То, что Уиллис принял за журнальный столик, спрятанный под шалью, на самом деле было ящиком. Шаль она купила в Буэнос-Айресе, куда сбежала от Джозефа Сиарта. А ящик оказался решетчатой деревянной коробкой от апельсинов, которую она подобрала у продуктового магазина, когда впервые приехала в этот город. Она хотела отклеить от ящика красивую наклейку и отдать в окантовку в один из небольших художественных салонов на Стем-стрит, где очень здорово делали подобную работу, даже какой-нибудь паршивый карандашный рисунок после их оформления смотрелся как набросок Пикассо. Она притащила сюда этот ящик, когда купила дом, но так и не отодрала наклейку и наконец перетащила его в этот «склад», закрыла шалью и поставила на него вазу с искусственными цветами.
На стене висели четыре собачьих поводка.
Когда-то у нее была собака, сразу же после того, как она купила этот дом, здоровенный абсолютно черный Лабрадор по кличке Айсберг. Однако ей некогда было выгуливать пса в парке, поскольку она была занята отделкой дома, носилась по магазинам и салонам, обставляя дом. И она отдала собаку одному человеку, своему другу...

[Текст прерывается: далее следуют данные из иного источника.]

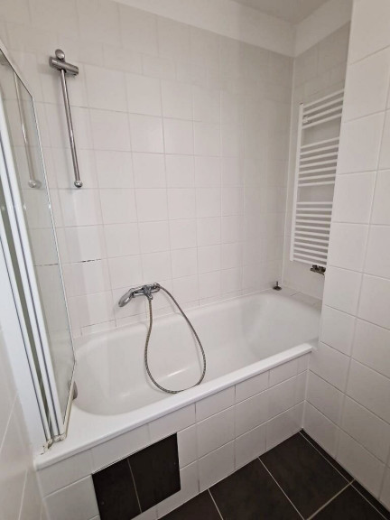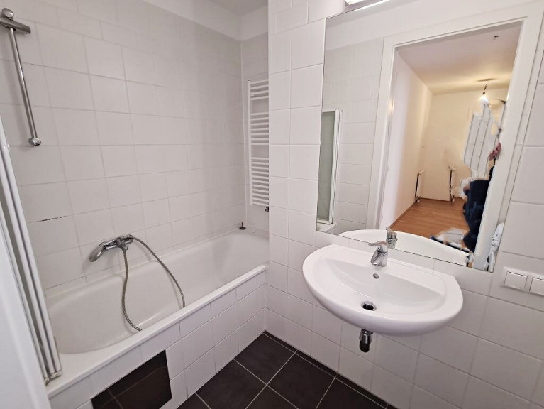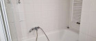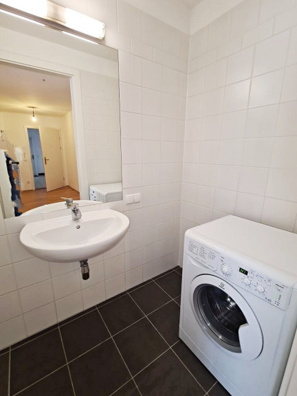 + Badezimmer mit Badewanne, Waschtisch und Waschmaschinenanschluss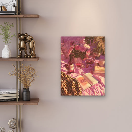 Pink Leopard Bedroom Wine in Bed Metal Print Ready to Hang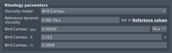 In the context of blood flow modelling, the determination of appropriate model parameters is not straightforward. In practice, rheological parameters are typically obtained from dedicated experiments and subsequently calibrated based on measured flow behaviour. As such, parameter selection may vary depending on the experimental dataset and operating conditions considered.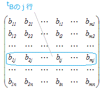 ※ Aの転置行列 (transpose of A)のt.右上に付ければ累乗(べき乗)と紛らわしいためか左上に付ける. (2)(3)(4)は明らか. (1)の証明: ABの( i , j )成分はAのi行とBのj列の積 ![]() ![]() ![]() …(*1)![]() ![]() ![]() ![]() …(*2)![]() |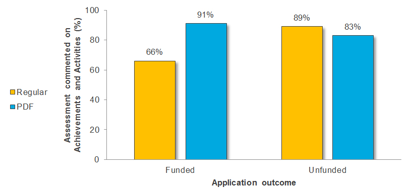 Number and percentage of assessments provided by Regular versus PDF reviewers that commented on the “Achievements and Activities of Candidate” criterion across funded and unfunded applications.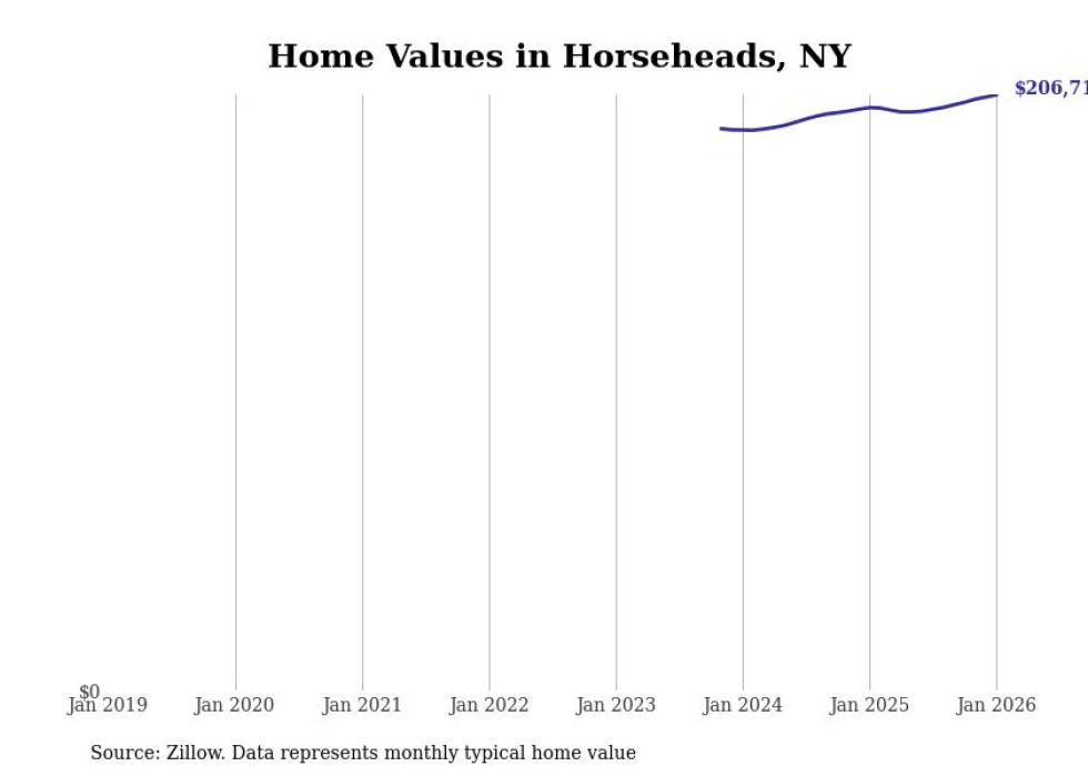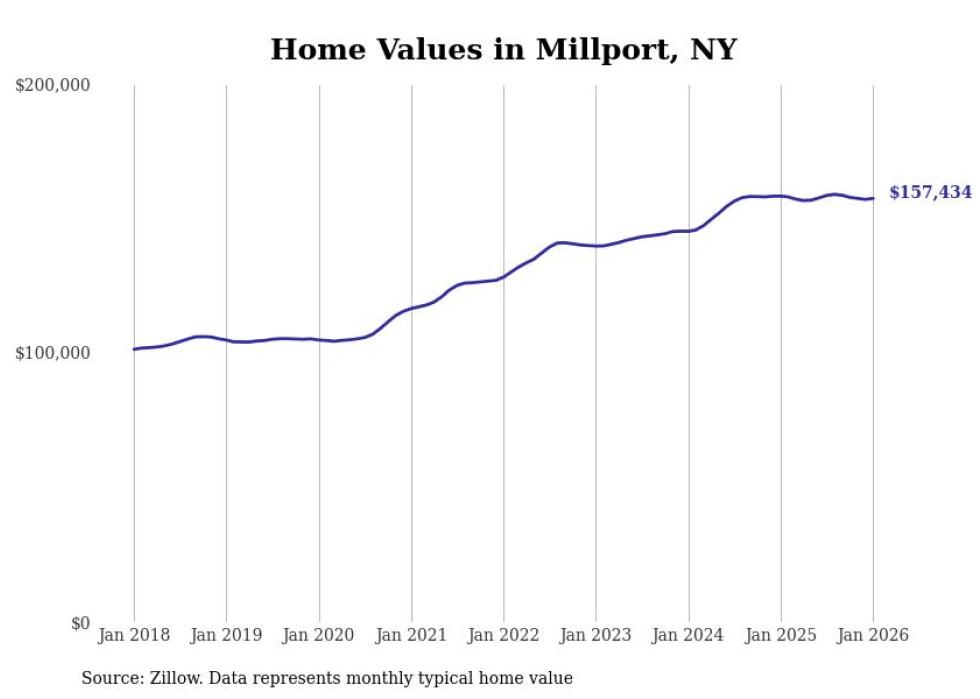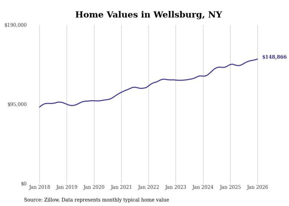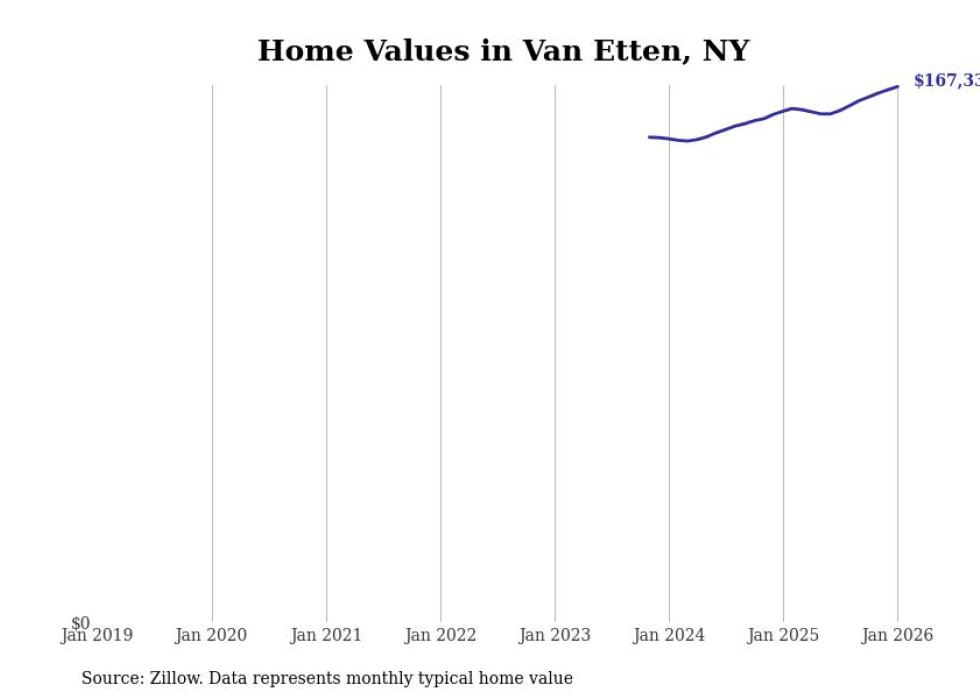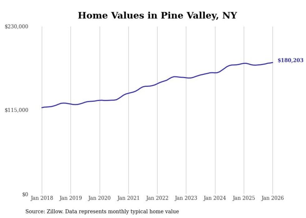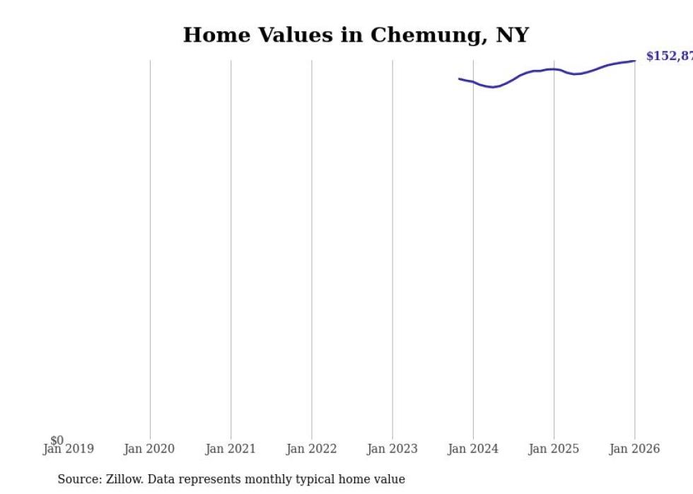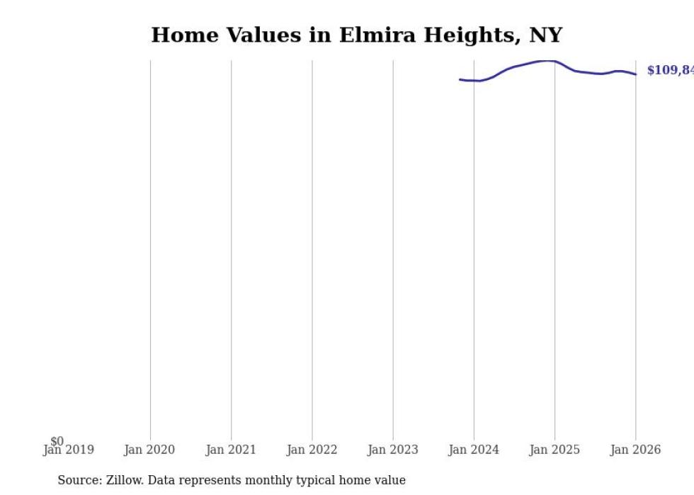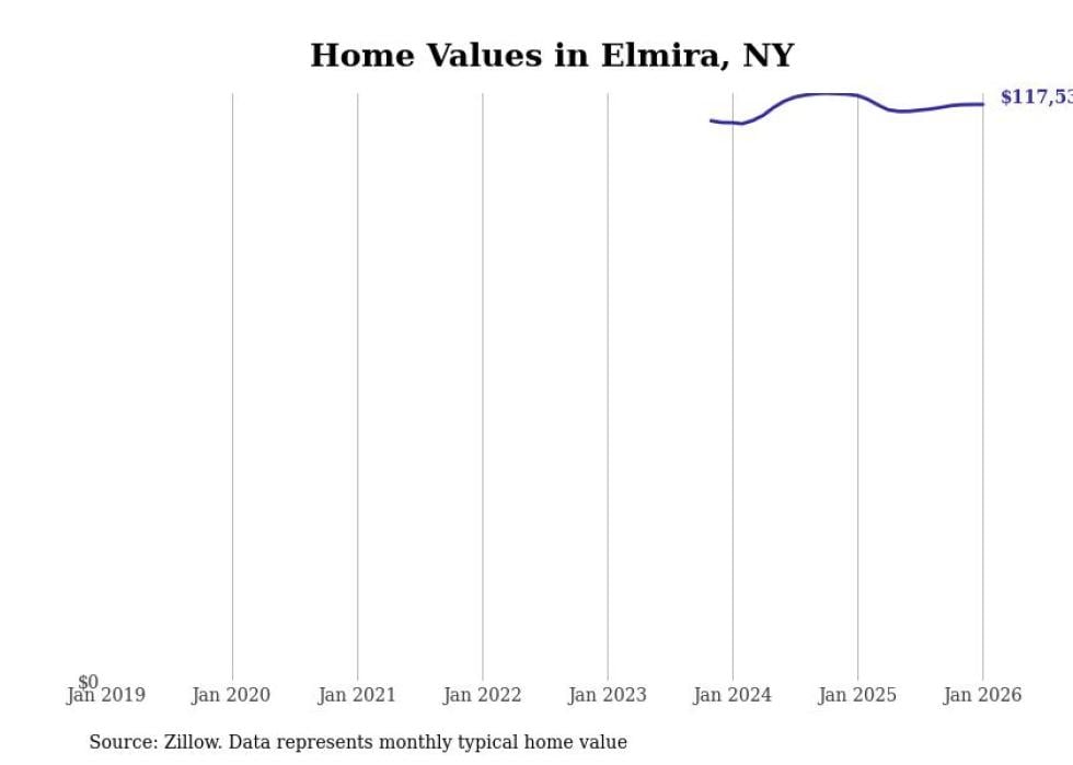 Stacker compiled a list of cities with the most expensive homes in the Elmira, NY metro area using data from Zillow. Charts show the monthly typical home value since January 2018.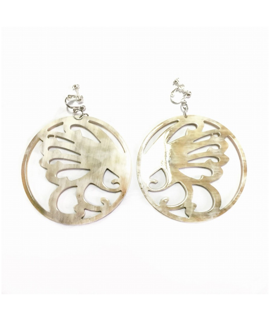 Boucle d'oreille clips à visser ronde dentelle en corne blonde africaine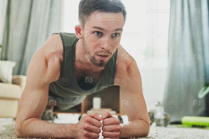 Молодой человек в спортивной одежде, стоящий на доске во время упражнений на полу

— Другу или приятелю? — спросил Уиллис.
— Да, пожалуй, другу, — ответила она.
...Однако собака попала под машину, и это могло бы положить конец их дружбе прямо тут же, поскольку он так безответственно отнесся к своему долгу. Тем не менее она продолжала встречаться с ним до тех пор, пока не узнала, что у возлюбленного в Лас-Вегасе есть жена и четверо детей, и тогда она сказала ему, что не любит бабников и лгунов, особенно лживых бабников, которые отпускают собак на улице без поводка, где их сбивают «кадиллаки». Поводки она оставила, потому что действительно любила свою собаку, а еще потому, что, возможно, когда-нибудь заведет себе другого пса, хотя, наверное, еще не скоро.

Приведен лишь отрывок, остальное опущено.